All About Casual Game gave a 5 out of 5 rating, commenting that the game "is one of the franchise's...most complex and most all-around impressive titles to date".

===Black Crown (2019)===
Mystery Case Files: Black Crown is the 20th installment of the series and the last one made by Eipix Entertainment. It is a sequel to the 13th Skull game and was released in November 2019.

===The Harbinger (2020)===
Mystery Case Files: The Harbinger is the 21st installment of the series and the first one made by GrandMA Studios. The game was released in August 2020.

===Crossfade (2020)===
Mystery Case Files: Crossfade is the 22nd installment of the series. The game was released in November 2020.

===Incident at Pendle Tower (2021)===
Mystery Case Files: Incident at Pendle Tower is the 23rd installment of the series. The game was released in November 2021.

===The Last Resort (2022)===
Mystery Case Files: The Last Resort is the 24th installment of the series. The game was released in November 2022.

===The Dalimar Legacy (2023)===
Mystery Case Files: The Dalimar Legacy is the 25th installment of the series.
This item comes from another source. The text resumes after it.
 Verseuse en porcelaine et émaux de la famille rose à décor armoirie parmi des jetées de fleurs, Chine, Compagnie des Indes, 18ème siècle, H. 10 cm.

The game was released in March 2023.

===A Crime in Reflection (2023)===
Mystery Case Files: A Crime in Reflection is the 26th installment of the series. The game was released in November 2023.
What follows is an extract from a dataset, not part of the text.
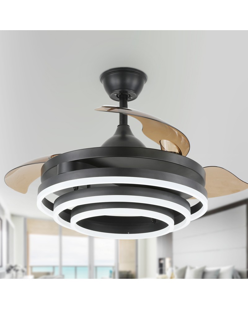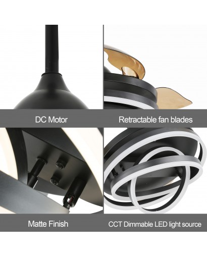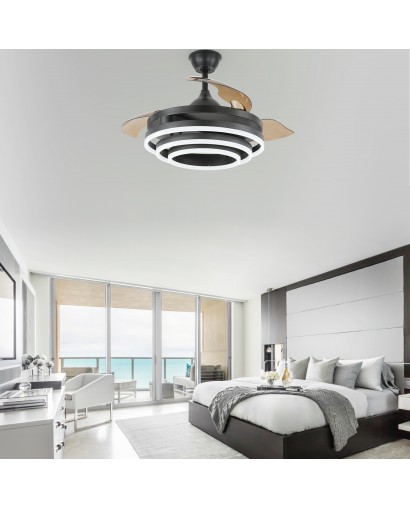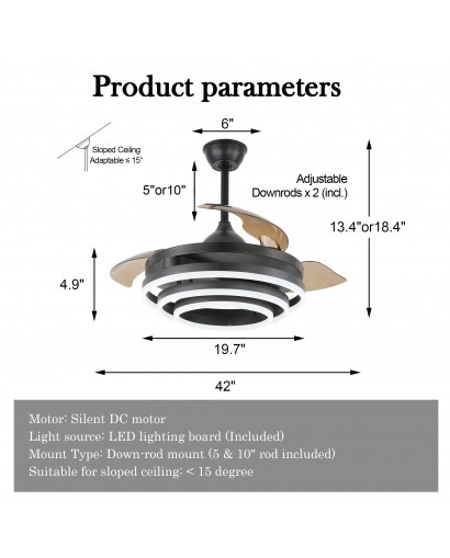 42" LED 3-Blade celing fan, reversible blades, retractable blades, DC motor

===The Riddle of Mrs. Bishop (2024)===
Mystery Case Files: The Riddle of Mrs. Bishop is the 27th installment of the series, and was released on November 26, 2024.

===House That Love Built (2025)===
Mystery Case Files: House That Love Built is the 28th installment of the series. The beta version was available for download for Big Fish Game Club members in June 2025 while the full game was released on November 26, 2025. The game revisits the Charles Dalimar / Ravenhearst story arc and also features Angelica Morgan from previous games The Dalimar Legacy (2023) and The Riddle of Mrs Bishop (2025). The game is published by GrandMa Studios.

===Spin-off games===
====Agent X (2008)====
Mystery Case Files: Agent X was released in April 2008, and is the first title in the Mystery Case Files franchise to be released for a portable device. Mystery Case Files: Agent X is only usable by Glu Mobile capable-cellphones.

====MillionHeir (2008)====
Mystery Case Files: MillionHeir was released in September 2008, and is the second game in the Mystery Case Files franchise to be released for a portable device. Mystery Case Files: MillionHeir was released exclusively for the Nintendo DS system and was published by Nintendo.

====The Malgrave Incident (2011)====
Mystery Case Files: The Malgrave Incident was released in June 2011, and is the second game in the Mystery Case Files franchise to be published by Nintendo. Mystery Case Files: The Malgrave Incident is playable for the Wii.

====Spirits of Blackpool (2013)====
Mystery Case Files: Spirits of Blackpool was released in October 2013, and is the first title in the Mystery Case Files franchise to be published for iOS. It was first released on the Canadian App Store and is playable for the Apple iPad. It was not released outside of Canada and was taken off the App Store.

====Fragments of Truth: An MCF Story (2025)====
Fragments of Truth: An MCF Story is the first spin-off instalment of the series, published for Windows 10/11 operating system PCs and developed by GrandMa Studios. It was released exclusively for Big Fish Game Club Members on 17 July, and general release on 18 July 2025. It was available initially only as a Collector's Edition that has extra features, wallpapers, and bonuses to find. The main gameplay story revolves around the MCF Agency's unsung heroes.